Research Paper Volume 13, Issue 7 pp 9582—9591
LCZ696 ameliorates lipopolysaccharide-induced endothelial injury
- 1 Department of Cardiology, NO.215 Hospital of Shaanxi Nuclear Industry, Xianyang 712000, China
- 2 Department of Pathology, NO.215 Hospital of Shaanxi Nuclear Industry, Xianyang 712000, China
Received: October 16, 2020 Accepted: January 14, 2021 Published: April 11, 2021https://doi.org/10.18632/aging.202692
How to Cite
Copyright © 2021 Gao et al. This is an open access article distributed under the terms of the Creative Commons Attribution License (CC BY 3.0), which permits unrestricted use, distribution, and reproduction in any medium, provided the original author and source are credited.
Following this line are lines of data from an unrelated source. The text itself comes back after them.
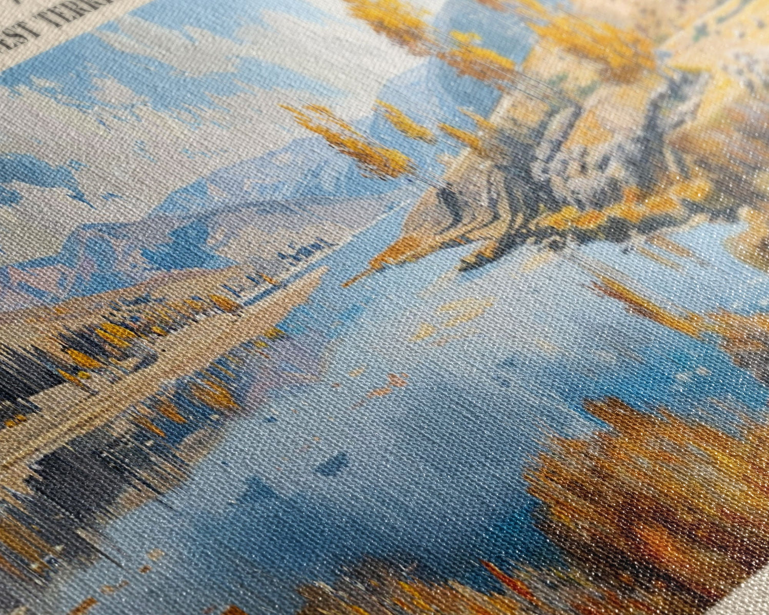 Most of our canvases are made in the USA, with the exception of canvases ordered with the light oak unstained frames, and any large canvases (24x48, 30x60, 16x48 and 20x60) ordered WITH a frame. These are temporarily made in and shipped from Europe, while we try to find a more consistent supplier in the USA.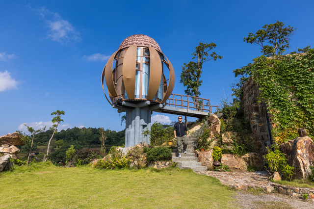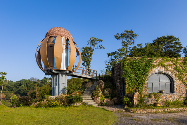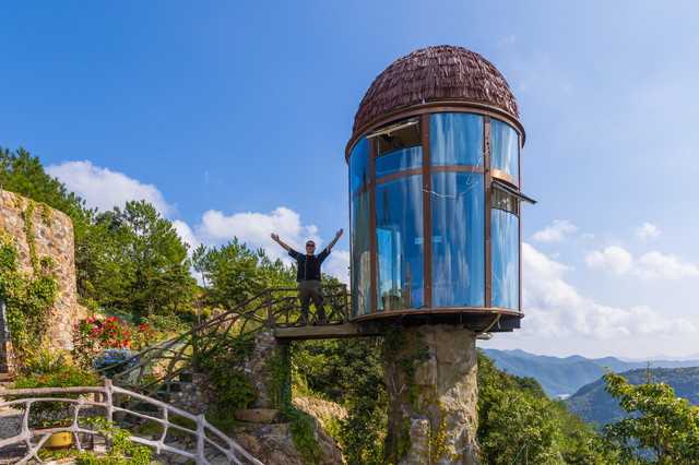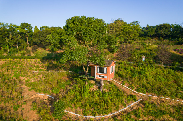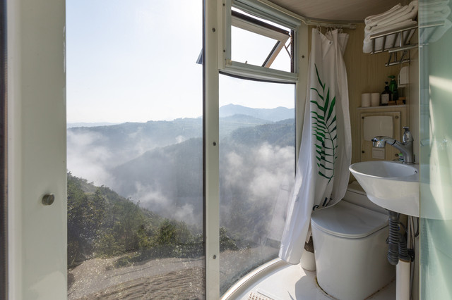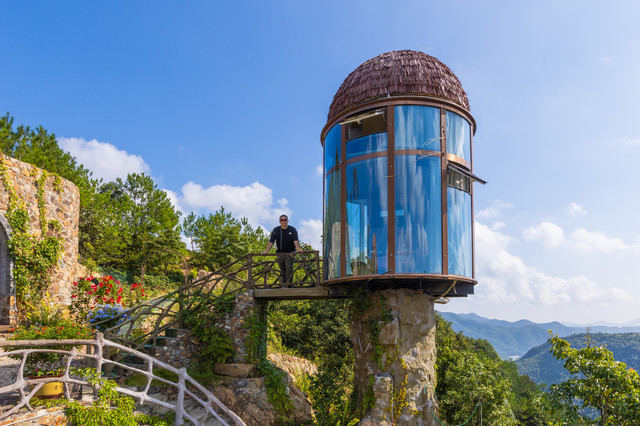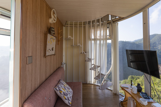 拥有360°视野的“子弹头”树屋,“生长”在悬崖峭壁上。低头可以俯瞰山谷,抬头可以看星空。房间虽然不大,但是电视机、空调、沙发、卫生间一应俱全。分为上下两层,由螺旋楼梯连接。一层是卫生间和客厅,二层是星空顶和榻榻米。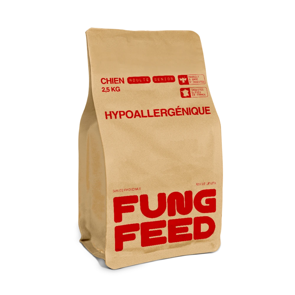 Les croquettes pour chien à base d’insectes de Fungfeed sont hypoallergéniques, écologiques et made in France. Elles conviennent aux chiens de tous âges et de toutes races.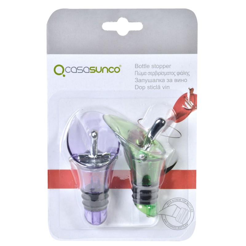 Комплект от 2 броя тапи за стъклени бутилки със специални накрайници за наливане, изработени от прозрачна пластмаса в лилаво и зелено.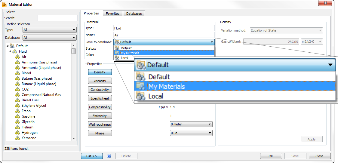 Materials are physical substances, and are the foundation of the Autodesk Simulation CFD analysis. There are two distinct material types available in an analysis: fluids and solids.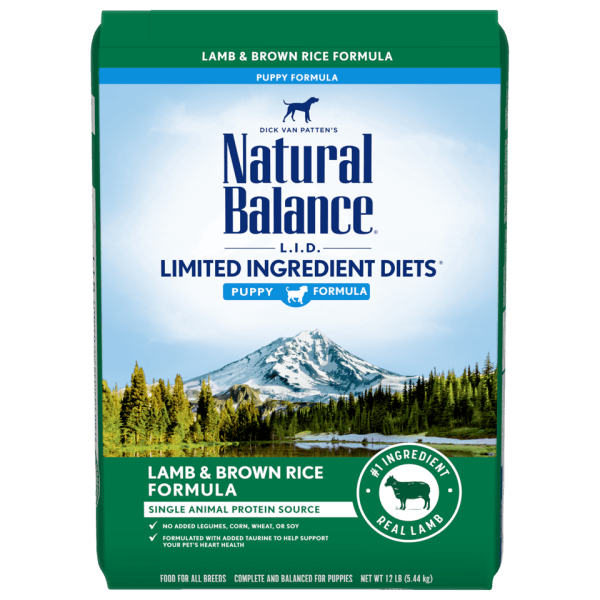 ناتشورال بالنس® ليميتيد إنجريدينت دايتس® تركيبة لحم الضأن والأرز البني طعام جاف للجراء من ديك فان باتن يقدم لجروك طعام كلاب عالي الجودة مع عدد محدود من مصادر البروتين والكربوهيدرات.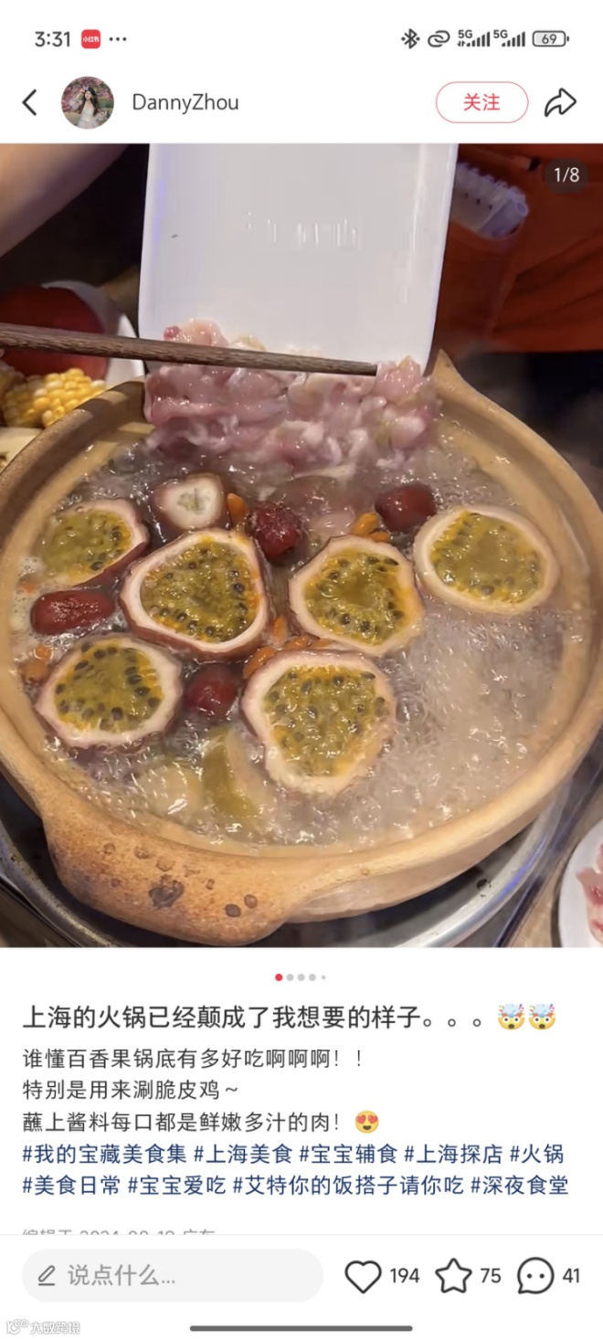而在 2023 年前后,不少火锅门店开始以百香果为核心原料,将其与酸汤、骨汤和椰果等融合制成锅底,推出了主张 “先喝原汤”,酸味和果味十足的百香果锅底。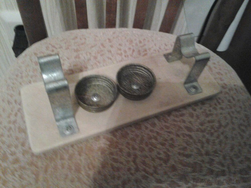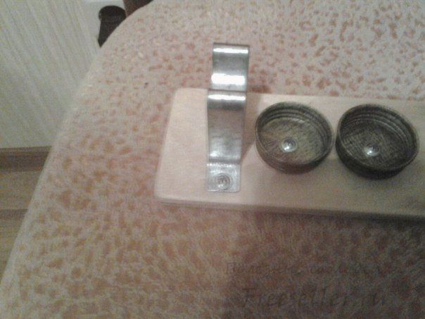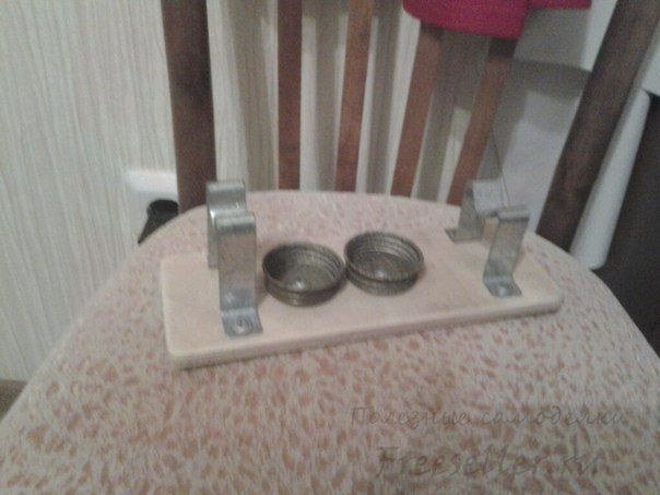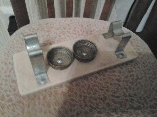 2 стальных советских формочек для изготовления самого держателя. Формочки разрезал ножницами по металлу, и выгнул из них 2 держателя нужной формы.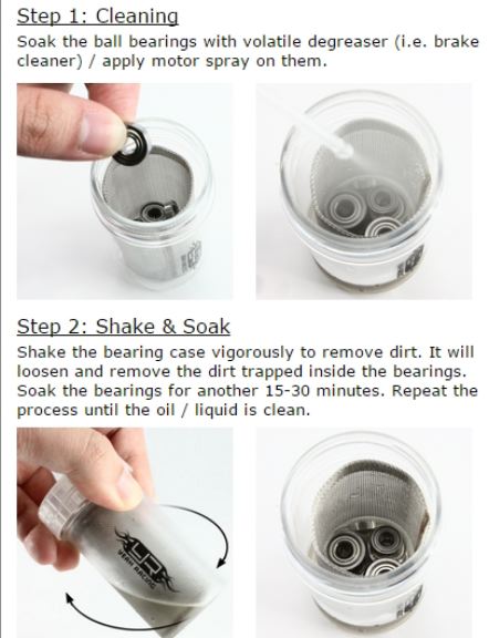 Simply put the bearings/screws/small parts inside the cleaning case, add cleaners and shake the case until dust/dirt is being removed.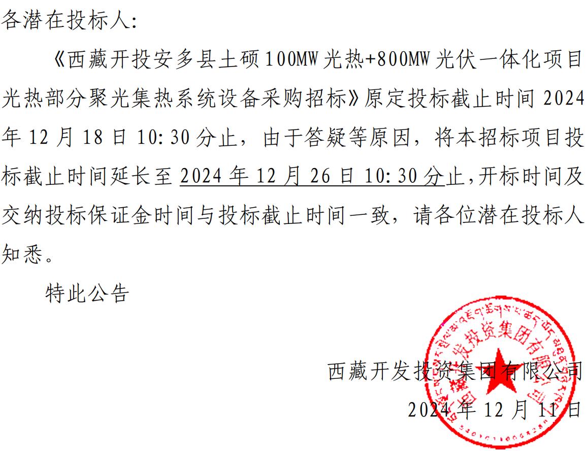 關(guān)于延長(zhǎng)《西藏開投安多縣土碩100MW光熱+800MW光伏一體化項(xiàng)目光熱部分聚光集熱系統(tǒng)設(shè)備采購(gòu)招標(biāo)》投標(biāo)截止時(shí)間的公告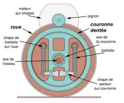 Le moteur, placé au-dessus de l'essieu, fixé au châssis, entraîne par un pignon une couronne dentée (de taille légèrement inférieure à la roue) située en porte-à-faux à l'extérieur des roues de l'essieu et supportée par une pièce rigide au châssis. Le voile de la roue possède deux manetons qui sont reliés à la couronne dentée par deux biellettes articulées rendues solidaires par deux secteurs dentés qui se font face. Les variations de distance entre les points d'attache sur la roue et sur la couronne dentée lors des mouvements (essentiellement verticaux) de l'essieu sur la voie sont pris en charge par la rotation des secteurs dentés. Les articulations sphériques des biellettes autorisent également le jeu transversal des essieux lors de leur inscription en courbe.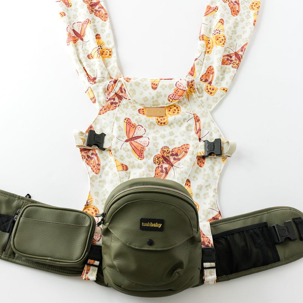 2 - in - 1 Combo Carrier (Olive Hip Seat, Butterflies Attachment)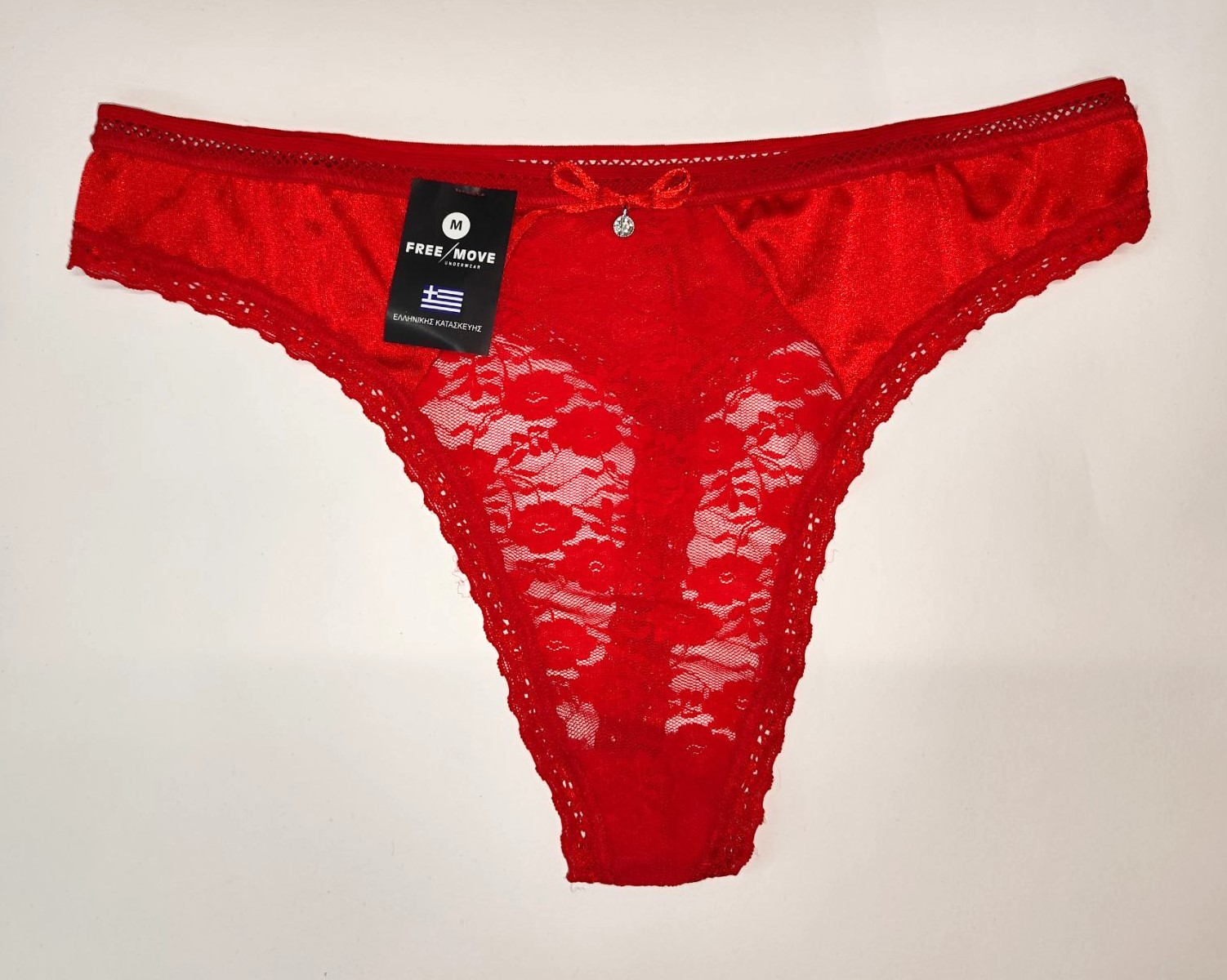 String Slip με δαντέλα FREE MOVE 23307,κόκκινο.

Lipopolysaccharide (LPS)-induced endothelial dysfunction plays an important role in the pathogenesis of cardiovascular diseases. LCZ696, the dual-acting angiotensin receptor blocker, and neprilysin inhibitor has been used for the treatment of heart failure with reduced ejection fraction. Recent work suggests that LCZ696 therapy might have an anti-inflammatory effect in cardiovascular tissue. In the current study, we show that LCZ696 attenuates LPS-induced oxidative stress by reducing the production of intracellular reactive oxygen species (ROS) and the measurements of malonyl dialdehyde (MDA) level in human umbilical vascular endothelial cells (HUVECs). LCZ696 inhibits LPS-induced expressions and secretions of the pro-inflammatory cytokines, interleukin-6 (IL-6), interleukin-1α (IL-1α), and tumor necrosis factor β (TNF-β) as well as the chemokines, monocyte chemotactic protein 1 (MCP-1), and chemokine (C-X-C motif) ligand 1 protein (CXCL1). Additionally, we found that LCZ696 reduces LPS-induced expressions of vascular cell adhesion molecule 1 (VCAM-1) and P-selectin and the attachment of U937 monocytes to HUVECs. Mechanistically, LCZ696 prevents LPS-induced activation of the TLR4/Myd88 pathway and nuclear translocation of nuclear factor kappa-B (NF-κB) p65 factor. Based on these findings, we conclude that LCZ696 is capable of ameliorating LPS-induced endothelial dysfunction via anti-inflammatory properties.